Indonesia pernah menjadi pihak ketiga (third party) bersama dengan beberapa anggota
WTO dalam sengketa antara Uni Eropa menghadapi Argentina sebagai “tergugat” yang
melakukan diskriminasi dengan menetapkan tindakan safeguard berupa pembatalan impor alas
kaki (footwear) yang berasal dari beberapa negara anggota WTO, termasuk Indonesia.
Indonesia yang merupakan eksportir utama alas kaki ke Argentina merasa dirugikan
karena dikenakan tambahan bea masuk (specific duty) sedangkan negara-negara Mercosur
(Brazil, Uruguay, Paraguay) tidak dikenakan tindakan safeguard. Argentina akhirnya melakukan
penyesuaian aturannya mengenai safeguard.
Di samping itu, Indonesia bersama-sama beberapa anggota WTO (Canada, Mexico,
jepang, Brazil, India, Thailand, Chile, Korea Selatan, dan EC) menggugat Amerika Serikat
dalam kasus “US-Continued Dumping and Subsidy Offset Act of 2000” (Byrd Amendent).

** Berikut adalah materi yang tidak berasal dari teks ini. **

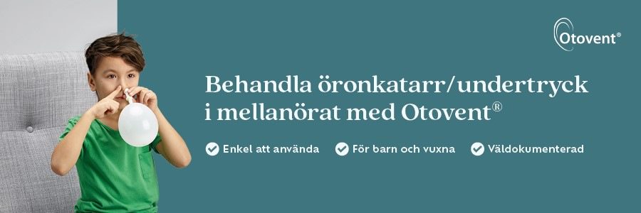 Vad är öronkatarr/sekretorisk mediaotit Öronkatarr kan uppstå efter förkylning och kan leda till lockkänsla och hörselnedsättning. Både vuxna och barn kan drabbas av vätska i mellanörat som inte förvinner direkt efter en mellanöreinflammation. Det är extra viktigt att följa upp barn efter mellanöreinflammation då en hörselnedsättning kan påverka talutvecklingen. Även bakåtsniffning (snytning inåt vid förkylning) kan orsaka öronkatarr. Tryckskillnader vid flygning och dykning kan också skapa ett undertryck i mellanörat. Otovent är ett väldokumenterat hjälpmedel som kan användas om du eller ditt barn inte kan utjämna trycket på egen hand. Otovent ska alltid användas tillsammans med en vuxen. OBS! Otovent-ballongerna är designade för optimal effekt med exakt motstånd vid varje uppblås, därför ska inga andra ballonger användas. Otovent-ballongerna innehåller latex. Varje ballong kan användas för 20 uppblåsningar.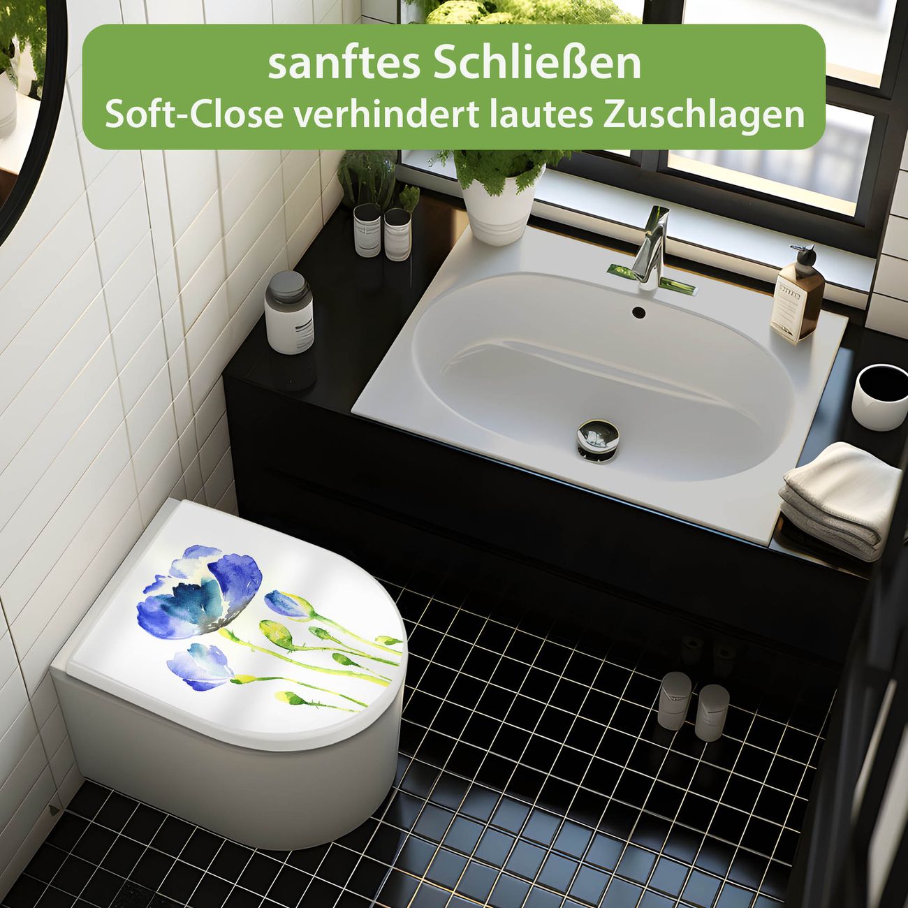 WC Sitz mit Absenkautomatik D Form Motiv Blauer Mohn
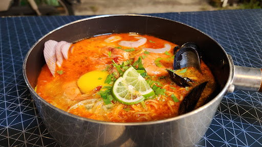 Go inside, most of the tables are located inside one of the house unit. It is fairly spacious and if you go in bigger group, you can just combine the table yourself. We ordered quite a lot of different type of food from the menu and safe to say they all taste pretty good! I ordered the green curry rice set and it comes with while chicken leg (thigh and drumstick) so I feel it is quite worth it. My family members ordered other food and they all said it taste good as well. The tomyam soup can be very spicy but they do ask you first how you want it to be and my kids love it. 😉 The rib is nice as well although I wish it has a bit more of that burnt smell.
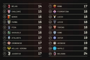 24直播网10月5日讯 据《米兰体育报》报道称,米兰本赛季意甲目前只用了14名首发球员,位列全联赛最少。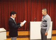 今年も最後に研修会が行われ、まず、花の舞の土田一仁製造部長が講演し、「いい米からでないといい酒はつくれない。5.000俵つくってもらえるのはうれしいこと。必要量の120%が確保できます。2.000円クラス以上の酒に山田錦を使っていきたいと思う。生産性を上げて反収7俵を達成してください」と激励しました。 ![]() |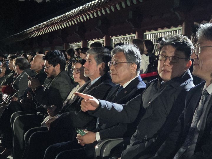 [서울=뉴시스] 김근수 기자 = 허민(가운데) 국가유산청장이 28일 오후 서울 종로구 종묘에서 제례 시 사용되는 기악과 무용을 선보이는 유네스코 인류무형유산 ‘종묘제례악’ 야간공연을 관람하고 있다. (사진= 국가유산청 제공) 2026.04.28. [email protected] *재판매 및 DB 금지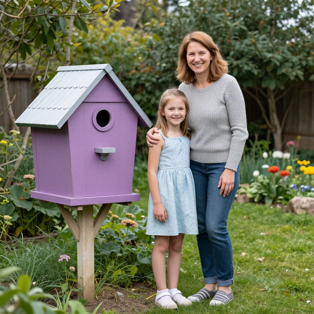 Smiling woman and girl standing in a garden next to a colourful hen house

Kebijakan AS dianggap bertentangan dengan persetujuan anti-dumping Subsidy and
Countervailing Measures.
Byrd amendment merupakan peraturan AS yang membagikan bea anti dumping dan
countervailing yang dikumpulkan pemerintah AS kepada industri domestiknya yang dirugikan
oleh tindakan dumping atau subsidi oleh negara lain. Kasus ini menarik untuk dikaji karena
menunjukan keterkaitan yang erat antara kebijakan dalam negeri suatu negara dengan peraturan
yang disepakati di WTO. AS berpendapat bahwa WTO tidak mengatur bagaimana suatu negara
harus menggunakan bea anti dumping dan countervailing, karenanya AS bebas untuk
membagikannya kepada industri domestiknya. Namun negara-negara penggugat di atas
berpendapat bahwa byrd amendment menyebabkan kerugian ganda bagi produk ekspornya,
karena AS di satu sisi telah memberlakukan bea anti dumping dan countervailing, dan kemudian
membagikannya kepada perusahaan saingannya di AS. Byrd Amendment tersebut dianggap
tindakan yag berlebihan dalam menangkal dumping atau subsidi dari negara lain. Kasus ini juga
sarat dengan interpretasi legalistik berbagai perjanjian WTO khususnya berkaitan dengan
perjanjian Anti Dumping dan Subsidy and Countervailing Measures.
Panel untuk kasus ini yang dibentuk pada tahun 2001 telah menghasilkan
keputusan untuk merekomndasikan kepada DSB untuk meminta AS agar menyesuaikan
peraturannya dengan persetujuan-persetujuan WTO dengan cara mencabut CDSOA (Bird
Amendment). Namun AS mengajukan banding atas keputusan tersebut sehingga
kemudian dibentuk Appellate Body yang pada bulan Januari 2003 memutuskan bahwa
Byrd Amendment tidak konsisten dengan persetujuan-persetujuan WTO. Oleh karena itu
AS diminta untuk melakukan penyesuaian (perubahan) dalam Byrd Amendment tersebut
agar konsisten dengan ketentuan WTO.